→ **Problem**
Given the entries below, would you transcribe exactly the lines starting at the one with "Beverage selector to" and ending at the one with "Ink Floating for Teens", both kept, pictures omitted, nothing extra?

Data excerpts:
....

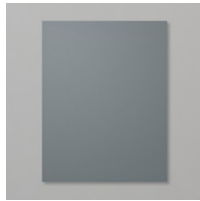
Basic Gray 8-1/2" X 11" Cardstock
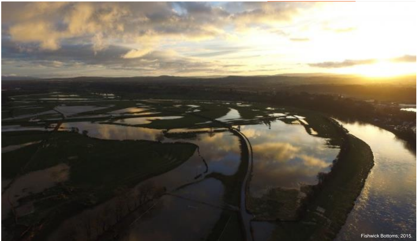
Fishwick Bottoms, 2015.
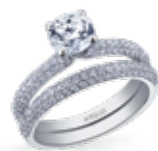
Page 13 ML262
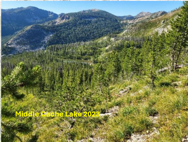
Middle Cache Lake 2023

should pick up the main trail (I think) out of Cache Creek just about the same time you get to the lake and follow it around to the outlet. Most maps do not show the Cache Creek trail that goes all the way to the state line and connects with the trail from Rhodes Peak. There is good reason for this as the trail is not maintained and is very difficult to find above the hunting camps in main Cache Creek.
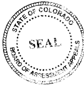
Toni Rigirozzi Toni Rigirozzi
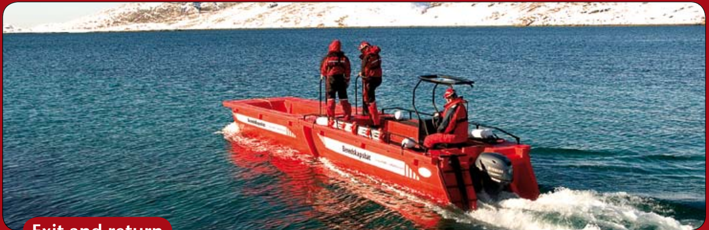
Exit and return
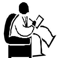
Differential Diagnostic Evaluation is part of quality care.
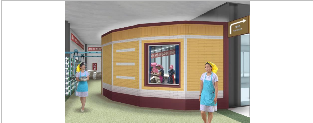
Spatial Anatomy's design concept of Myeon-bang , 2021
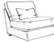
Single Unit H:88cm/35ins W:81cm/32ins D:102cm/40ins
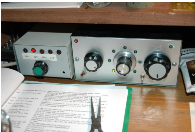
Beverage selector to the left and the K9AY control unit. The unmarked LED on the Bev. box is for a short wire, beamed 180°, but since all Bevs. are unterminated, the displayed azimuths mean the back lobes are also valid.

The K9AY controller has 2 RTerm adjusters, the knob on the left is the coarse adjustment, the one on the right is for fine adjustment selected via the switch beneath it, and this is achieved with a 10 turn potentiometer.
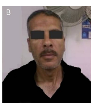
Figure 3 Patient with right laterocollis and retrocollis. Before (A) and after (B) operation.
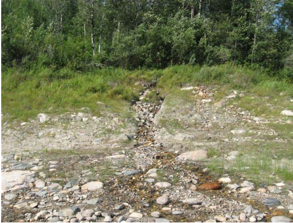
Photo 79. Mouth of FALC Ravine.
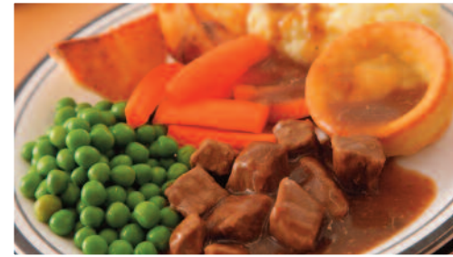
Braised Beef/Quorn Fillet with Yorkshire Pudding Roast/Mashed Potatoes Seasonal Vegetables and Gravy
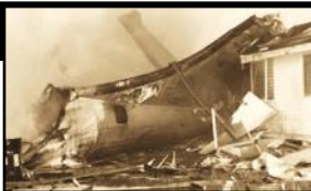
B-29 tail leaning against on a house after the 17 Dec 1953 Crash.
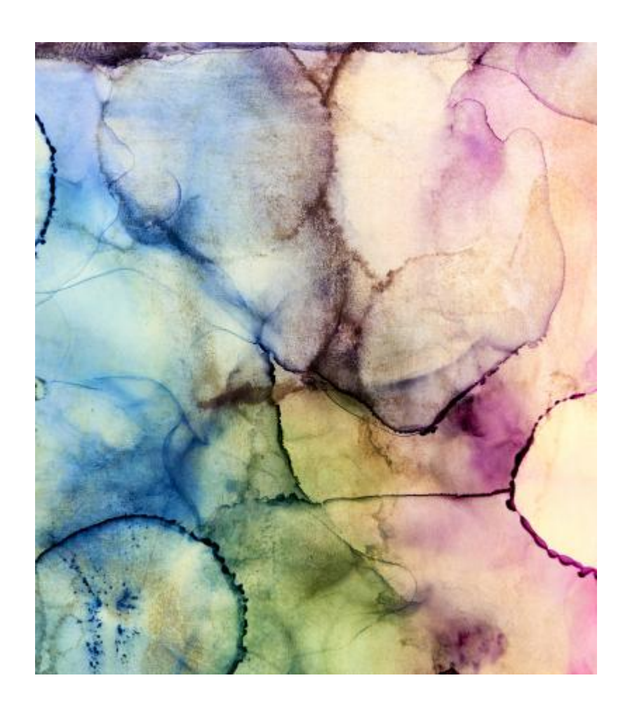
Ink Floating for Teens
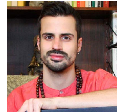
Michelangelo Rossato (illustrator)
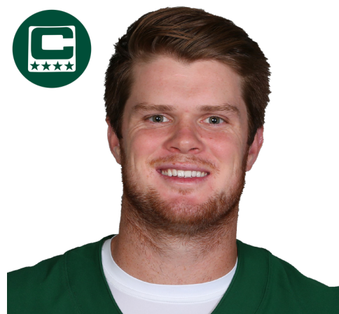
14 SAM DARNOLD
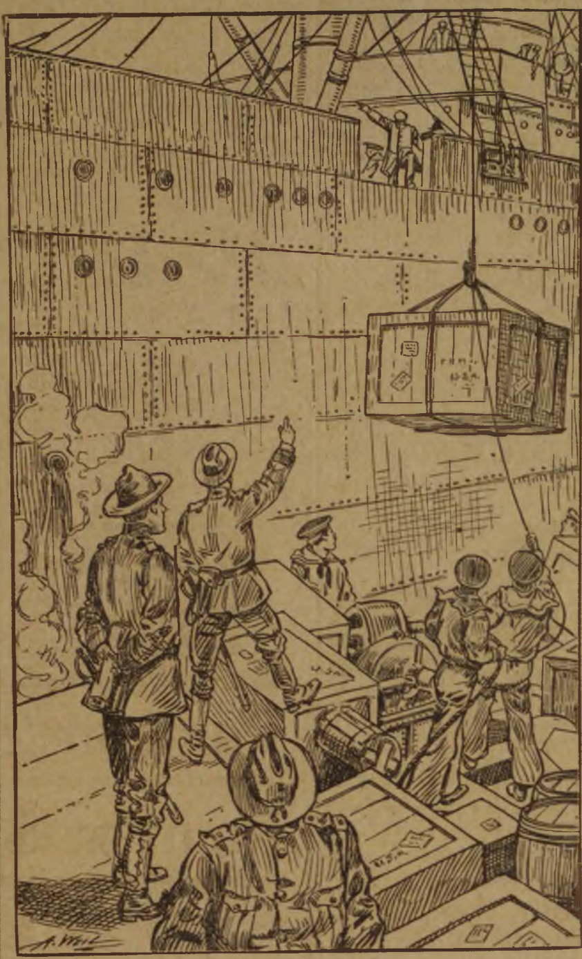
Great Cases of Machinery Swung Up from the Holds.

On board the gunboat were men accustomed to unquestioning obedience, and on the transport was a little army of skilled mechanics and engineers who had been called from their usual occupation by imperative orders and requested to tell none but their families that they might be absent for several months. There was not a man aboard any of the craft who had not taken a pledge of absolute secrecy.
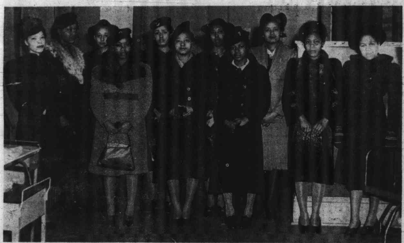
PERSONS taking the examina- | demonstrate on living models so | ion. The above group is composed | took the January examination ton to practice the art of there will be no doubt as to of models for the DeShazor last Friday, beauty culture are required to their knowledge of the profess. Beauty College graduates who —Phot
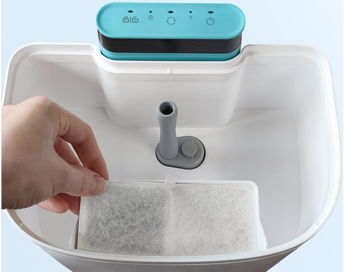
Figure 4: Filter Replacement. The image shows a hand carefully removing or inserting a filter into the fountain's filter slot. The accompanying text advises replacing the filter within 2-3 weeks for optimal performance.
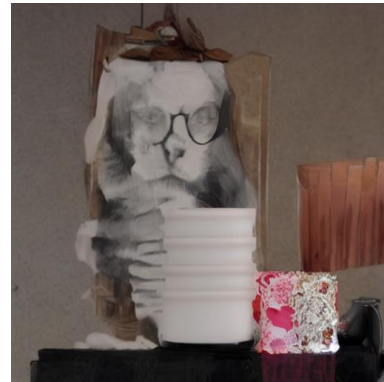
Denoised Image t^* = 0.7
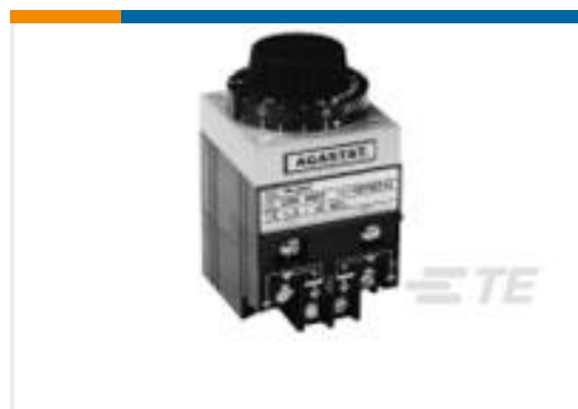
TE Part #1423157-8 7012AD=RLY,STD,ON,2P, 120VAC,50
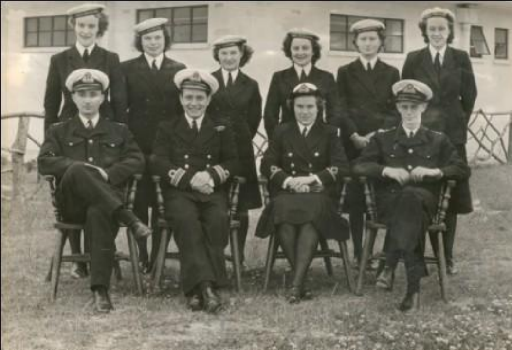
Met Office Personnel, Culdrose
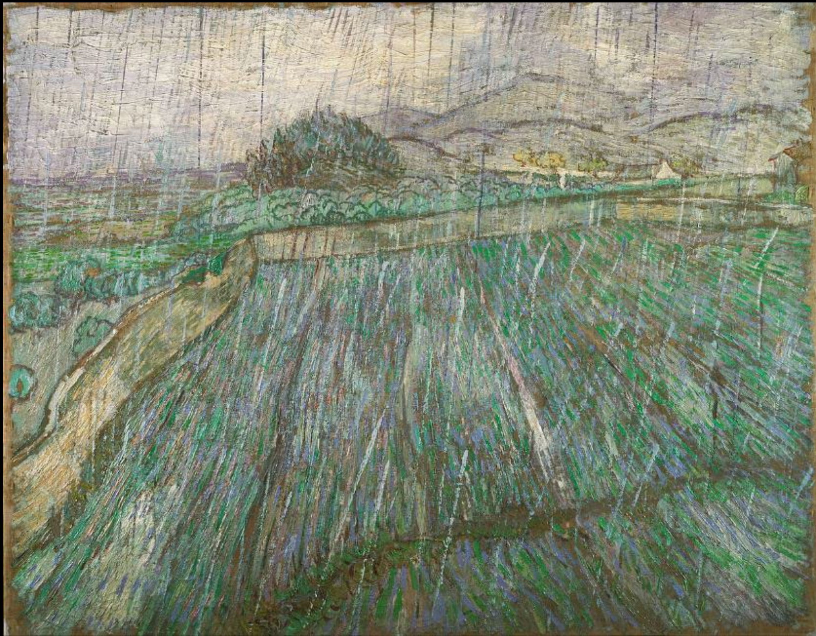
Wheat Field in Rain -- Vincent van Gogh, Philadelphia Museum of Art
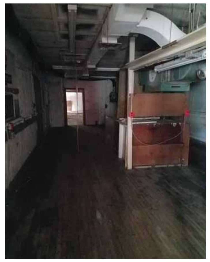
HALLWAY TO REAR SPACE (OPPOSITE BASEMENT STAIRWAY).
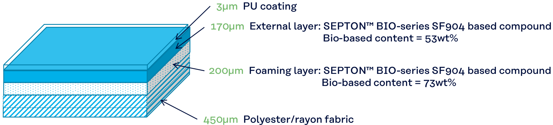
Structure of artificial leather C
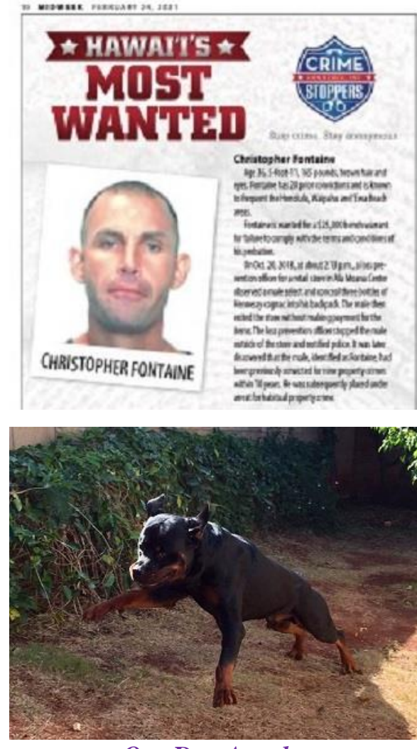
Our Dog Apache

Do you know what this tells me? Hawaii police are doing a good job of catching the bad guys and gals, but our court system seems to be turning them loose. Even so, Hawaii is one of the safest states in the U.S. We have lived in our house in Mililani since 1975 and never had a break-in or anything stolen. We do have a great security system – A Rottweiler!
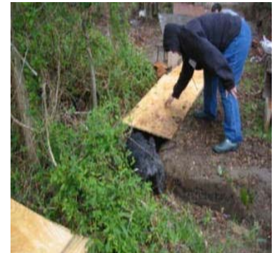
A Kerrie goes to ground!
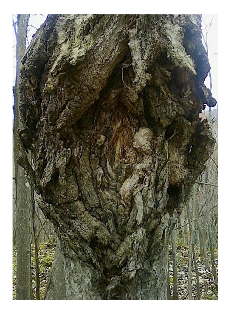
Figure 4 Dendro Series: On Burls
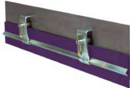
RMC1 Skirt Clamp (Standard)

*Includes two clamp plates (Standard or LS- Limited Space) two clamp pins, and one 1.2M (4') clamp bar. Skirt board and skirting not included. Skirting Thickness Ranges: 8mm to 19mm (5/16" to 3/4").
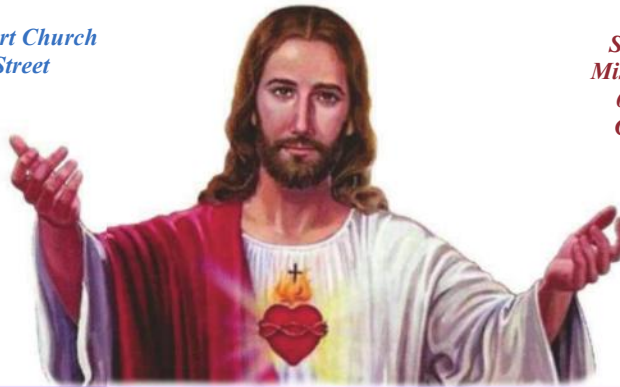
St. Philip Neri Mission Church 60676 NY-30, Grand Gorge, NY 12474
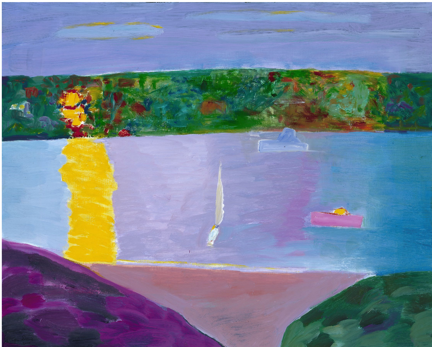
Last light 2000 oil on canvas 60 cm x 75 cm $8,000
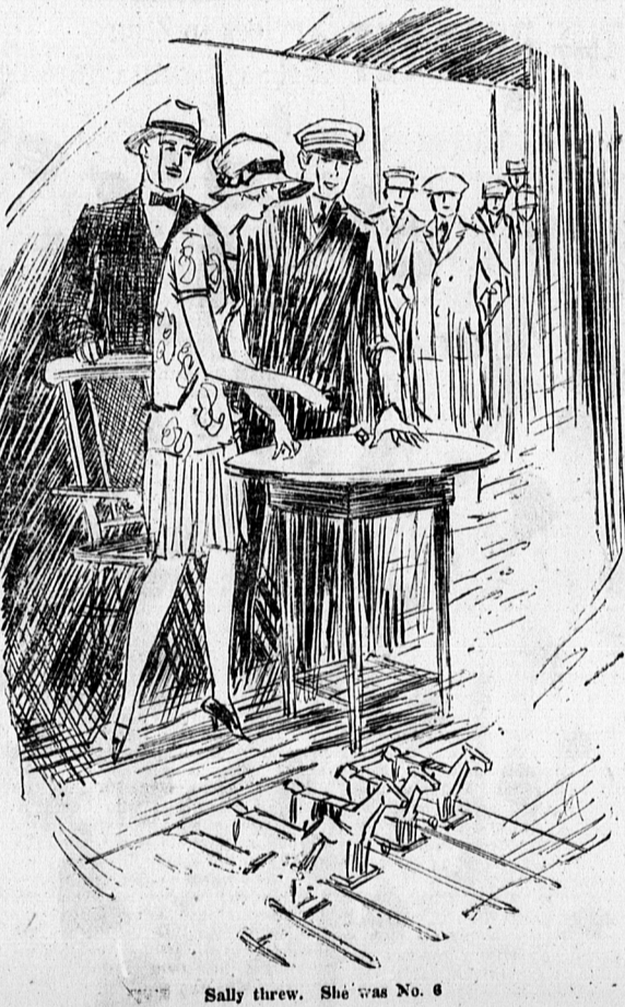
Sally threw. She was No. 6

most over. The next throw of the dice would decide everything. No. 1 moved five, but was too far behind to count. No. 2 moved two. No. 3—No. 3—moved one. The race lay between No. 3 and No. 6. Sally's heart was leaping wildly. "Come on, Sinner, good old Sinner." Again it was her turn to throw, and the die rattled out on the table. Behind her, as if in a dream, she heard the purser's voice: "No. 6 moves four. No. 6 wins! The race is over!" Sally sprang impetuously to her feet. Sinner had won. The green slips she had purchased from the "bookies" dropped from her lap in her excitement. Ritchie and Alden, who had been standing near, retrieved them and handed them to her with a smile. He had watched her from the time the race had started. Those dark
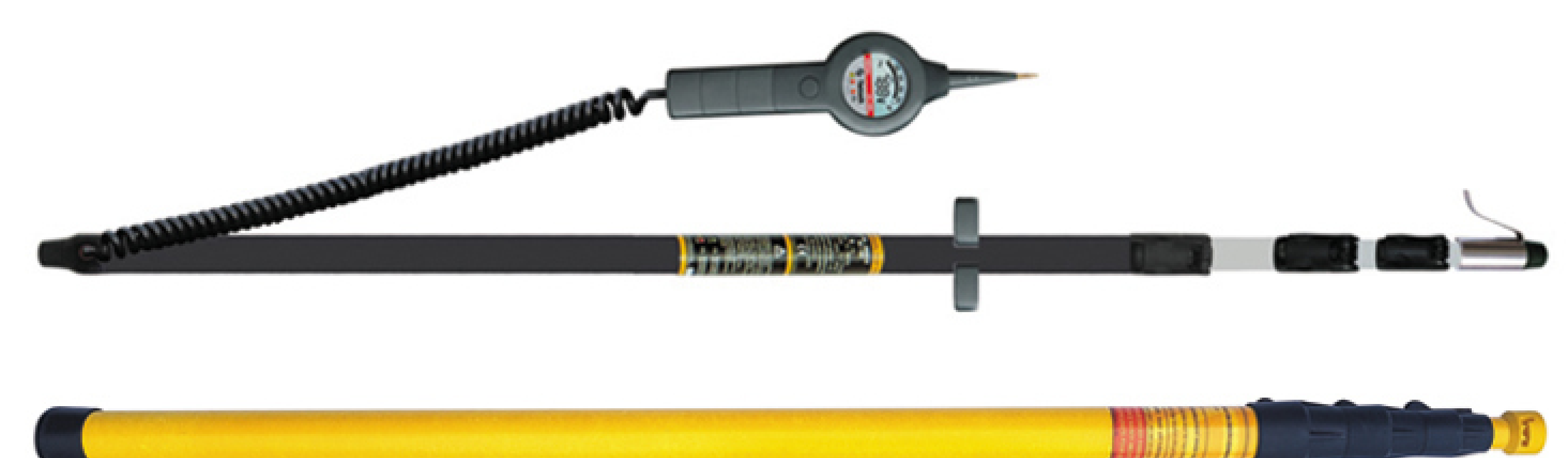
Spannungsprüfer und Erdungsequipment
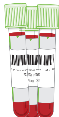
The Group Shot

....

→ **Response area**
Beverage selector to the left and the K9AY control unit. The unmarked LED on the Bev. box is for a short wire, beamed 180°, but since all Bevs. are unterminated, the displayed azimuths mean the back lobes are also valid.

The K9AY controller has 2 RTerm adjusters, the knob on the left is the coarse adjustment, the one on the right is for fine adjustment selected via the switch beneath it, and this is achieved with a 10 turn potentiometer.
Figure 3 Patient with right laterocollis and retrocollis. Before (A) and after (B) operation.
Photo 79. Mouth of FALC Ravine.
Braised Beef/Quorn Fillet with Yorkshire Pudding Roast/Mashed Potatoes Seasonal Vegetables and Gravy
B-29 tail leaning against on a house after the 17 Dec 1953 Crash.
Ink Floating for Teens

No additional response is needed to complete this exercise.